Other required packages can be installed with python3 -m pip install -r requirements.txt from the main repository folder.

Obtaining predictions from the API should be possible by running context_predictor.py for English results, and the _es.py and \_pt.py files for Spanish and Portuguese predictions, respectively.

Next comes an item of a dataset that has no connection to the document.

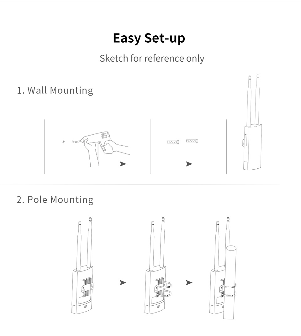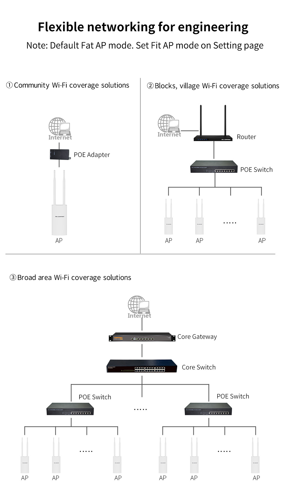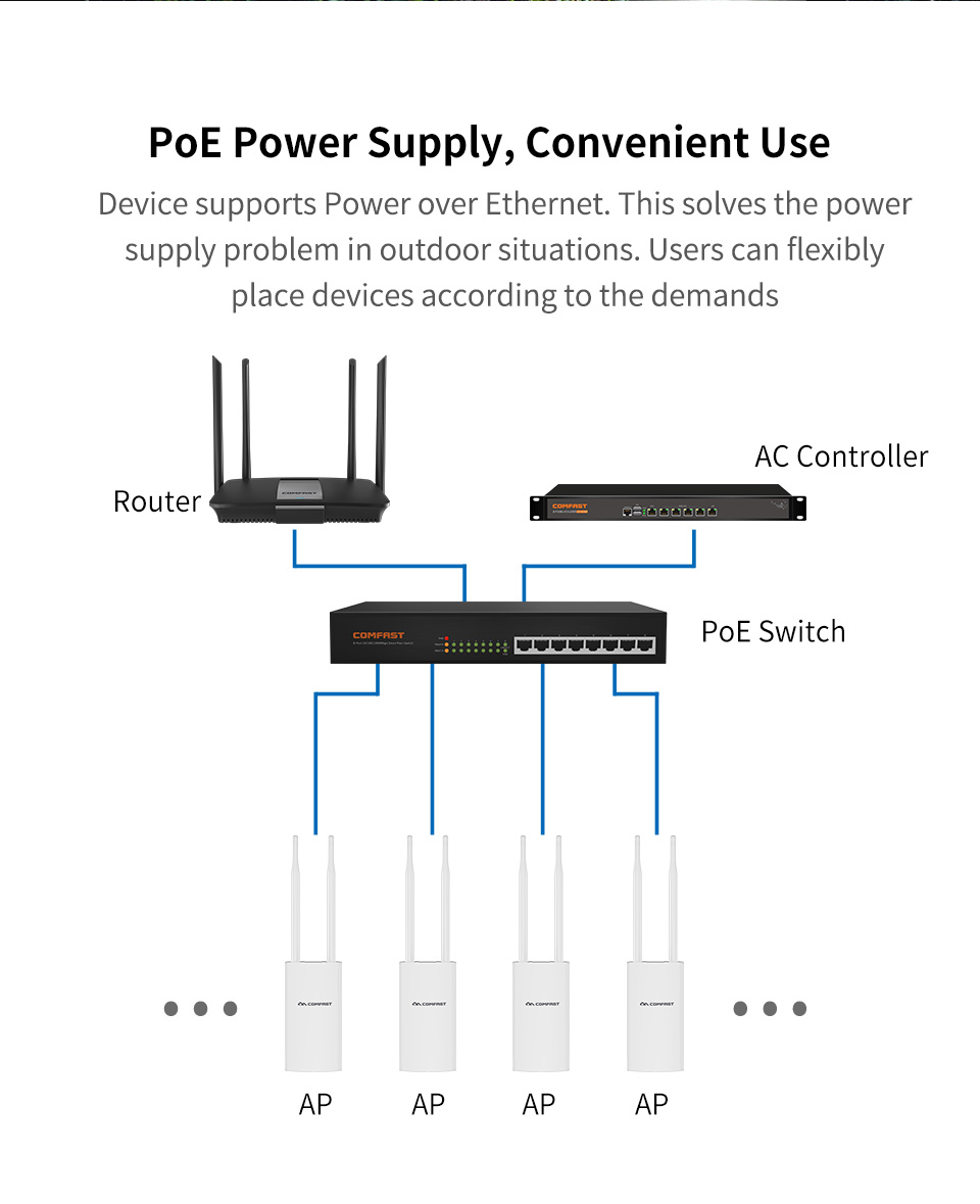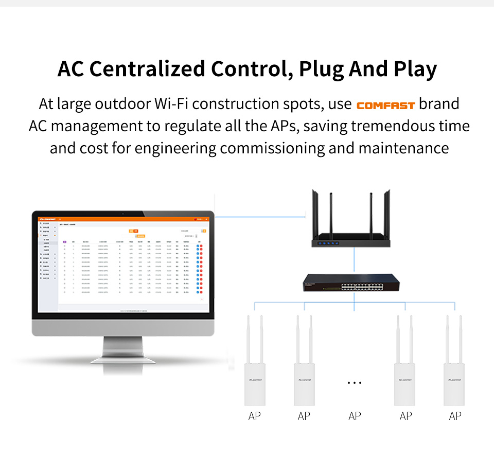 *The product images and demonstration scenarios on this page are for illustrative purposes only and may have slight differences from the actual product. Please refer to the physical product for accuracy. *The data on this page are theoretical values obtained from COMFAST’s internal laboratory under specific testing conditions. Actual usage may vary due to individual product differences, software versions, usage conditions, and environmental factors. Please refer to real-world usage for accurate representation. *To provide as accurate product information, specifications, and features as possible, COMFAST may periodically adjust and revise the text descriptions, image effects, and other content on this page to ensure alignment with actual product performance, specifications, packaging, and accessories. Should such adjustments or revisions become necessary, no prior notice will be provided.

Our predictions submitted to the workshop can be found either in the subfolder en/, or the fiel UniHD.zip. Later additions of the Spanish and Portuguese predictions are in the respective folders es/ (for Spanish) and pt/ (Portuguese).
An exact reproduction of the system outputs may not be possible, as the generation temperature and other, server-side factors, such as the random seed, can potentially lead to differing predictions. In our experience, there is no possibility of fixing a particular prediction to occur with 100% likelihood. We also do not make any promises that the used prompt templates work with later models. In our experiments, we used the (relatively "outdated" text-davinci-002 model, which may respond differently to prompt variants than later additions.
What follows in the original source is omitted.